(EXERCISE) Going down the data below, set down exactly the line with "Есть еще очень" and each line after it through the line with "Гостиная будет дерзко"; no other lines.
══ RECORDS TO USE
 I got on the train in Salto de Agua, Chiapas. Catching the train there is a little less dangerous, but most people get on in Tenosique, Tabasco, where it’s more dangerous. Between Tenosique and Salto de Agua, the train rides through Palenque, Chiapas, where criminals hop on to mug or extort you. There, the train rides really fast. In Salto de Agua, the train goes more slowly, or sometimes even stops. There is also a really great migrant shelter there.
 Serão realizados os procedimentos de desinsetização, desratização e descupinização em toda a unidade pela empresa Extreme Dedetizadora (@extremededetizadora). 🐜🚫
════
══ RECORDS TO USE
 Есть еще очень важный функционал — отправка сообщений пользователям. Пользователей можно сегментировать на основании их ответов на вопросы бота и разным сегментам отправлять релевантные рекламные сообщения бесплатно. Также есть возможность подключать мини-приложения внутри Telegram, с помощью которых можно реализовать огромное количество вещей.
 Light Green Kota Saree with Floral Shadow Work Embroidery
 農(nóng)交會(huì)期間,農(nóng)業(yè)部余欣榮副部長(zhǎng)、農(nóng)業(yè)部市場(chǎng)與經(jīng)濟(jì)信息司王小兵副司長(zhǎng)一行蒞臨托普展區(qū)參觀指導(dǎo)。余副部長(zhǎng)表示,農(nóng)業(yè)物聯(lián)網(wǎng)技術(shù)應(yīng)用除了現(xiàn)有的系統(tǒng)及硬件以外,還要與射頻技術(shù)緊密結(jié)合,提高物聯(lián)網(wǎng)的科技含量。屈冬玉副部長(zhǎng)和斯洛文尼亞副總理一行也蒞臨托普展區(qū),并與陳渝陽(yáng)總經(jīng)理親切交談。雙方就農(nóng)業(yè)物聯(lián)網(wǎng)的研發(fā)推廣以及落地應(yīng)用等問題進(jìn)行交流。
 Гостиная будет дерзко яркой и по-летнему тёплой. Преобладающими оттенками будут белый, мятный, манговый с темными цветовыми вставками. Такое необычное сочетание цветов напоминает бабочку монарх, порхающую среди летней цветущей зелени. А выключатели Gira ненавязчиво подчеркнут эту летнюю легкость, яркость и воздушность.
════
(THE ANSWER)
 Есть еще очень важный функционал — отправка сообщений пользователям. Пользователей можно сегментировать на основании их ответов на вопросы бота и разным сегментам отправлять релевантные рекламные сообщения бесплатно. Также есть возможность подключать мини-приложения внутри Telegram, с помощью которых можно реализовать огромное количество вещей.
 Light Green Kota Saree with Floral Shadow Work Embroidery
 農(nóng)交會(huì)期間,農(nóng)業(yè)部余欣榮副部長(zhǎng)、農(nóng)業(yè)部市場(chǎng)與經(jīng)濟(jì)信息司王小兵副司長(zhǎng)一行蒞臨托普展區(qū)參觀指導(dǎo)。余副部長(zhǎng)表示,農(nóng)業(yè)物聯(lián)網(wǎng)技術(shù)應(yīng)用除了現(xiàn)有的系統(tǒng)及硬件以外,還要與射頻技術(shù)緊密結(jié)合,提高物聯(lián)網(wǎng)的科技含量。屈冬玉副部長(zhǎng)和斯洛文尼亞副總理一行也蒞臨托普展區(qū),并與陳渝陽(yáng)總經(jīng)理親切交談。雙方就農(nóng)業(yè)物聯(lián)網(wǎng)的研發(fā)推廣以及落地應(yīng)用等問題進(jìn)行交流。
 Гостиная будет дерзко яркой и по-летнему тёплой. Преобладающими оттенками будут белый, мятный, манговый с темными цветовыми вставками. Такое необычное сочетание цветов напоминает бабочку монарх, порхающую среди летней цветущей зелени. А выключатели Gira ненавязчиво подчеркнут эту летнюю легкость, яркость и воздушность.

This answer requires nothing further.